The next step is to collect a lot of pine needles. Important, I've learned, to rake up three to four times what I think I'll need. And I'll need every bit of what's collected from under the neighbors' trees. They are used as insulating filler material around the cut-back banana culms and their cover. Mostly I use upside-down plastic garbage cans with their bottom cut out. This allows me to upend the can and then fill with pine needles. It's a much more efficient technique than filling an intact can and attempting to invert it. Air is the actual insulation material. Equally, I don't want to fill the cans so loosely that the needles settle over winter and allow the upper portion of the remaining stem to be more exposed.

I fill the can from the top, then gently yet briskly rock the garbage can back and forth.
The pine needles settle, like pretzels in a bag, but not as compacted as if I pushed them down.
The can will be filled to the top.

Either I set the cut-out portion of the can back into place, then cover with a large sturdy plastic bag.
Or, I lay the garbage can lid over the opening and tie it down to the handles, which - since the can is inverted - are next to the ground.

Jerry, who has an investigative mind set, more space, and more bananas than do I, will be taking a three-pronged approach this winter. Some bananas were dug, potted, and brought into sure-to-remain-warmer conditions. others were dug and brought under cover, but not potted. And the third group will remain in situ, with oodles of the leaves from autumn clean-up heaped about their bases. It will be interesting to see what differences there will be - not merely winter survivability, but how each group grows away next summer.

Back to Top

Thursday, 2 November 2006

Bringing in the Sheaves

There's a frost on the way. It comes, sooner or later, to this part of the country, even on so sheltered a site as Wave Hill. Buffered as it is by the Hudson River and lay of the land, they've had more (summer)time than did I. But now it's time to move, move more, move more bigger stuff, and move fast.

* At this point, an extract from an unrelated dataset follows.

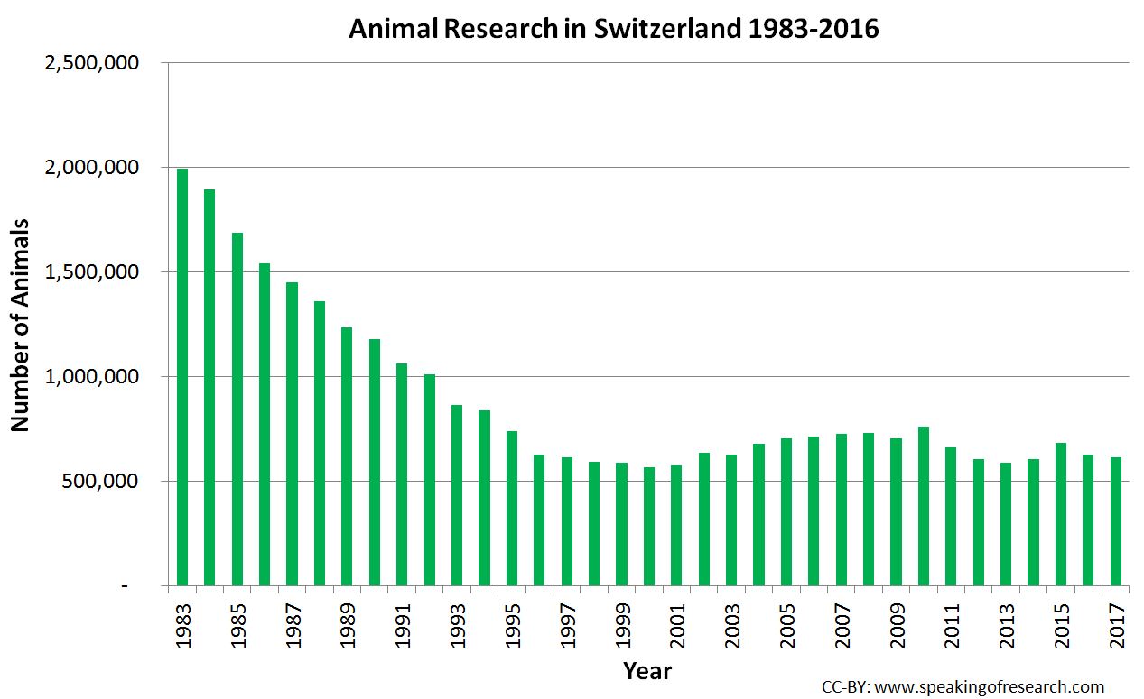 Overall there was a steady downward trend in the number of animals used in research in Switzerland from 1983 to 1995. Since 1995 the number of animal experiments has remained fairly consistent at around 650,000 animals.

They come on foot, they come in Cushman carts - pots and tubs of tender plants.

Like a caravan on the move across the greensward, some plants needing attendants to steady them on the journey.
(The towering white fuzzy stuff in the second vehicle are flowers on a tender standard,
moving from a summer vacation in the aquatic garden area to shelter in its winter quarters.)

Palm trees are also heading for shelter.

And the lush growth of summer needs cutting and trimming, a frantic reduction in size and volume.
Even at Wave Hill they're faced with that familiar gardener's quandary -
"How the hell am I going to fit it all in?"